Consistency Guarantees

Most replicated databases provide at least eventual consistency.

Linearizability

Linearizability is a strict model of consistency that makes a system appear as if only one copy of the data, and all operations on it are atomic.

It is also a recency guarantee, meaning that the value read must be the most recent or up-to-date value. When any read returns a new value, all following reads on any client must also return the new value.

Linearizability vs Serializability:

Serializability is an isolation property of transactions that guarantees that reads and writes to multiple objects behave the same as if they had executed in some serial order. (prevent write skews)
Linearizability is a recency guarantee on reads and writes of a single object.

A database may provide both guarantees ( strong one-copy serializability or strict serializability), two-phase locking and actual serial execution are typically linearizable, while serial snapshot isolation is not as it does not include writes that are more recent than the snapshot during reads. But stale read is not a violation of serializability, as long as the transations still appear to be in a serial order (even they are not ).

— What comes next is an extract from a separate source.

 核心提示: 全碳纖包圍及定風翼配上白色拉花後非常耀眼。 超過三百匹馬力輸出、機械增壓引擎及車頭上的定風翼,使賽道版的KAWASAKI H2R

Relying on Linearizability:

Linearizability is important in few areas such as

leader election using a lock (all nodes must agree the leader is);
constraints and uniqueness guarantees, and
cross-channel timing dependencies (If there is additional communication channel between systems, e.g. system A receives updates faster than B from C, and the data between A/B becomes out of sync)

Implementing Linearizable Systems :

Single-leader repolication is potentially linearizable (reads from leader) as long as no split brains.
Consensus algorithms is linearizable.
Multi-leader replication is not linearizable.(Writes concurrently to multiple nodes and async copies to other nodes, with conflices, it may need application level resolution)
Leaderless replication is probably not linearizable.

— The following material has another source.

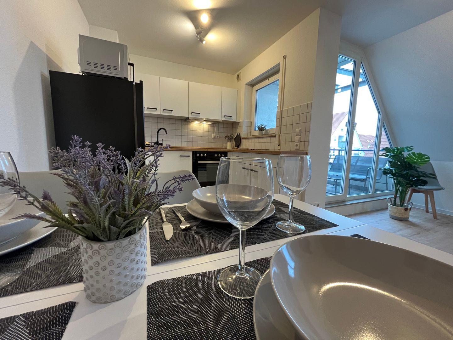 Die offene Küche ist ein wahres Highlight dieser Unterkunft. Sie ist komplett ausgestattet mit einem Cerankochfeld, einem Backofen, einer Mikrowelle und einer Spülmaschine – alles, was Sie zum Zubereiten köstlicher Mahlzeiten benötigen. Eine Kaffeemaschine, ein Wasserkocher, ein Toaster sowie ausreichend Geschirr und Besteck sind ebenfalls vorhanden. So können Sie auch im Urlaub das Kochen zu einem Vergnügen machen!

Downside of lineanerizability:

If your applicaiton requires linearizability, and some replicas are disconnected from the other replicas due to a network problem, the some replicas cannot process request while they are disconnected (unavailable).
If your application does not require, then it can be written in a way that each replica can process requests independently, even if it is disconnected from other replicas.

The unhelpful CAP theorem
CAP is sometimes presented as Consistency, Availability, Partition tolerance: pick 2 out of 3. But it should be either Consistency or Available when Partitioned.
CAP only considers one consistency model (linearizability) and one kind of fault (network partitions, or nodes that are alive but disconnected from each other). It doesn’t say anything about network delays, dead nodes, or other trade-offs. CAP has been historically influential, but nowadays has little practical value for designing systems.

The main reason for dropping linearizability is performance, not fault tolerance. Linearizabilit is slow not only during a network fault.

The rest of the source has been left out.